**Exercise goal**.
Please reproduce all of the data below exactly, leaving each picture out.

**Supplied material**.
>>>

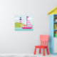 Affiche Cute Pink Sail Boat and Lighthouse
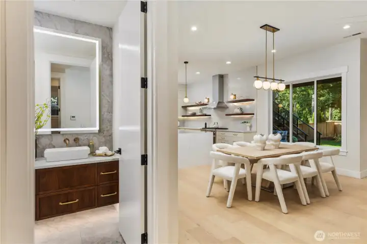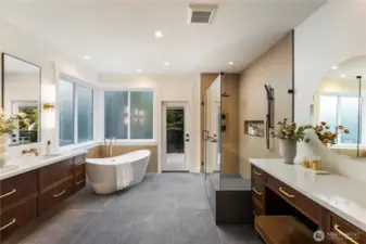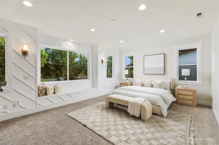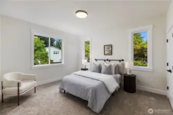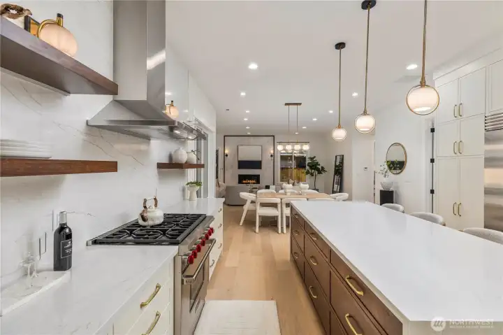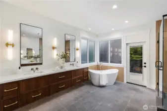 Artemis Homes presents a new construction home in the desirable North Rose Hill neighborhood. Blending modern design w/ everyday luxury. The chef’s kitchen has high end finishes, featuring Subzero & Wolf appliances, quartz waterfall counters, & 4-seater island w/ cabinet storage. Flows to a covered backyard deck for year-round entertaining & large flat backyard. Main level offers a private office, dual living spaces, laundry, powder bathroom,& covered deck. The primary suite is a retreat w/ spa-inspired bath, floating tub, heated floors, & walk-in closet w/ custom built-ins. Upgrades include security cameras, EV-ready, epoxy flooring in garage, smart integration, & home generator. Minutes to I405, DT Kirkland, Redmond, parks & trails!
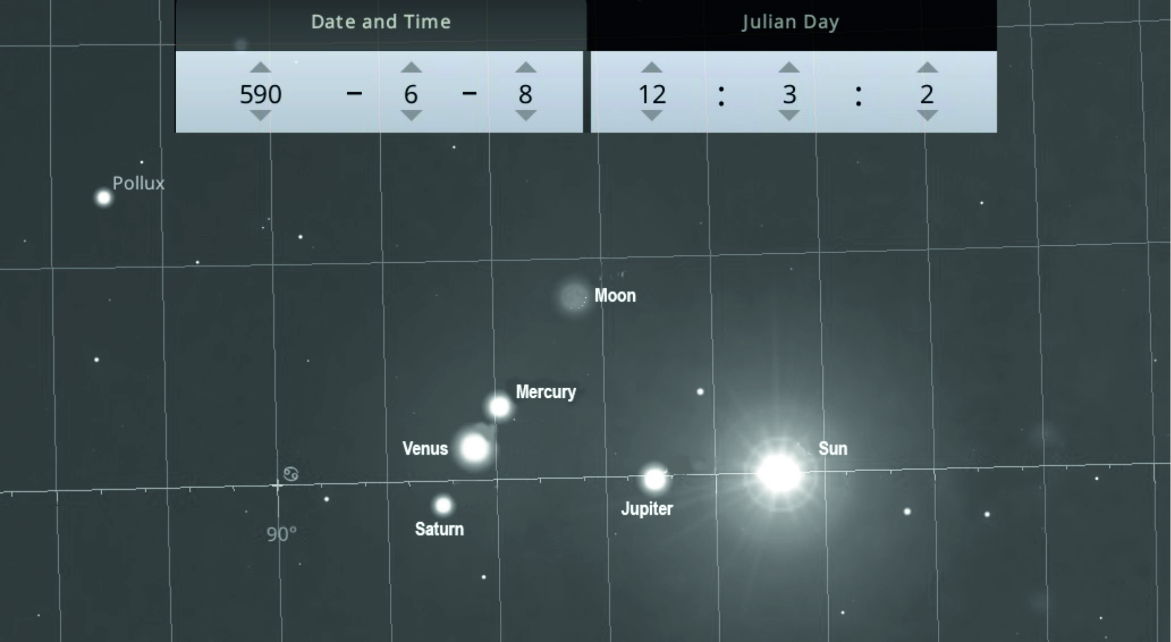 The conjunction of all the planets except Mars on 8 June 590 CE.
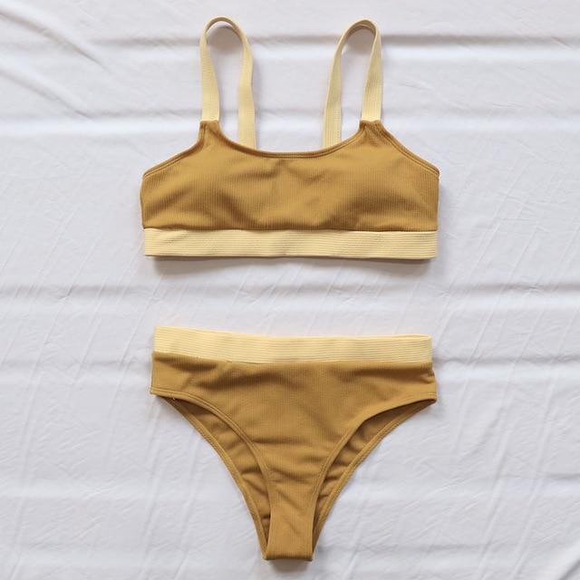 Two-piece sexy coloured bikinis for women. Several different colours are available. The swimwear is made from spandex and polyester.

<<<

**Output**.
 Affiche Cute Pink Sail Boat and Lighthouse
 Artemis Homes presents a new construction home in the desirable North Rose Hill neighborhood. Blending modern design w/ everyday luxury. The chef’s kitchen has high end finishes, featuring Subzero & Wolf appliances, quartz waterfall counters, & 4-seater island w/ cabinet storage. Flows to a covered backyard deck for year-round entertaining & large flat backyard. Main level offers a private office, dual living spaces, laundry, powder bathroom,& covered deck. The primary suite is a retreat w/ spa-inspired bath, floating tub, heated floors, & walk-in closet w/ custom built-ins. Upgrades include security cameras, EV-ready, epoxy flooring in garage, smart integration, & home generator. Minutes to I405, DT Kirkland, Redmond, parks & trails!
 The conjunction of all the planets except Mars on 8 June 590 CE.
 Two-piece sexy coloured bikinis for women. Several different colours are available. The swimwear is made from spandex and polyester.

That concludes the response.